A friend of mine told me that if I want to be able to carry this kind of program and its database around with me, that I wouldn't be able to use MySQL since you have to install that in the machine you're gonna be using.
If that's the case then indeed MySQL would be a no-no for me.
I need something that works off of my pendrive and that I don't have to install anything on the machine for it to work.

Thanks.

#5
WingedPanther

WingedPanther

    A spammer's worst nightmare

  • Moderators
  • 16,831 posts
You may want to consider an encrypted zip file that contains .txt files in it. They're easy to search and wouldn't require any overhead. If you felt the need to go more advanced, SQLite is probably your best bet.
Programming is a branch of mathematics.
My CodeCall Blog | My Personal Blog

#6
nihilist

nihilist

    Newbie

  • Members
  • Pip
  • 4 posts

WingedPanther said:

You may want to consider an encrypted zip file that contains .txt files in it. They're easy to search and wouldn't require any overhead. If you felt the need to go more advanced, SQLite is probably your best bet.
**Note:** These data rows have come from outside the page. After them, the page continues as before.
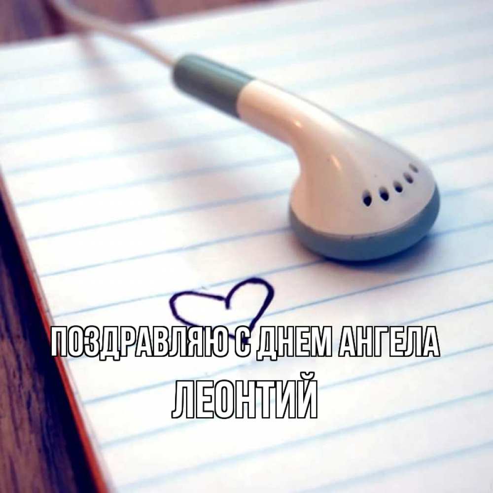 Открытка Поздравляю с днем Ангела Леонтий. наушник тетрадь в линейку. школьная тема
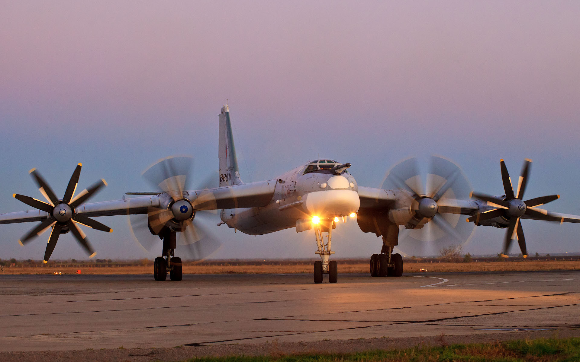 Description: A large propeller plane sitting on top of an airport runway at sunset with the sun shining through the wings.
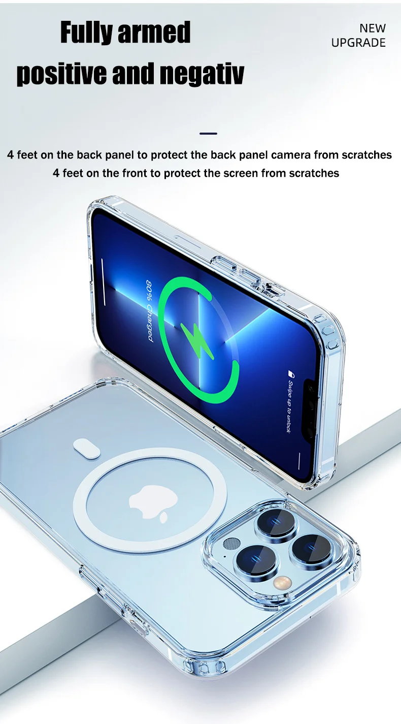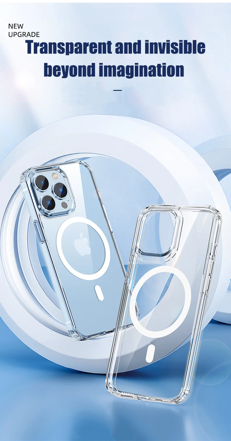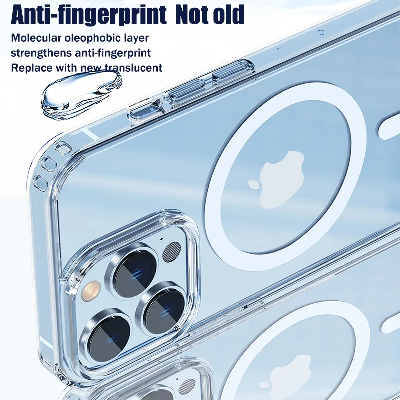 Funda magnética HD Clear Crystal Magsafe para iPhone 13 12 11 Pro Mini Max X XS XR 7 8 Plus SE, funda acrílica dura de carga inalámbrica
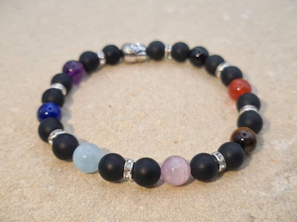 Ein exklusives Armband mit 8mm-Edelsteinperlen aus schwarzem matten Turmalin Schörl und sieben hochwertigen Edelstein-Chakra-Perlen, sowie glitzernden Zwischenperlen.
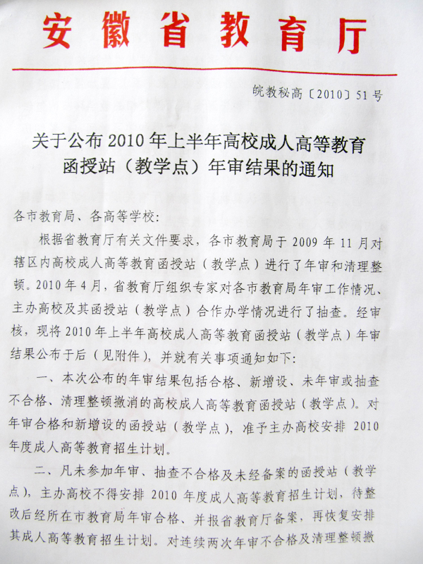 日前,省教育厅下发皖教秘高【2010】51号文件(关于公布2010年上半年高校成人高等教育函授站(教学点)年审结果的通知),批准我院正式成为安徽工程大学成人高等教育合肥函授站。

Whoa! That would be the perfect solution for me.
Not having to deal with the encryption myself and then having it all in one file, AND being able to even have folders in it!
Yeah, if I can have that, then screw databases.
I'm trying to find info on how to search .zip files programmatically.
How do you do it?
Can you point me in the right direction?
I'll be using VB.net I think but any VB6 or C/C++ codes will be fine.

Thanks a lot for the solution.

#7
WingedPanther

WingedPanther

    A spammer's worst nightmare

  • Moderators
  • 16,831 posts
I know that C++ with wxWidgets can open files in a zip file. Just open each file inside it and search. Log results someplace so you can decide which txt file to work with. wxWidgets treats zip files just like a folder, so you would be doing "ordinary" file processing.
Programming is a branch of mathematics.
My CodeCall Blog | My Personal Blog

#8
nihilist

nihilist

    Newbie

  • Members
  • Pip
  • 4 posts
Hmm, I think I changed my mind.

I'm thinking of using SQLite + VB.Net if only I can get it to work. It's giving me some errors and warnings that I'm still trying to solve.

I can't seem to find code snippets showing how to search files inside zip files, and I don't think that's possible without creating a temp file, and that would be a security breach for me, and also a performance issue.

SQLite seems like a great solution. I'm looking at some code and it seems simple. I still have to get the example I downloaded to work, but I will.

Thanks for the help!

Any known advantages of Embedded Firebird DB over SQLite?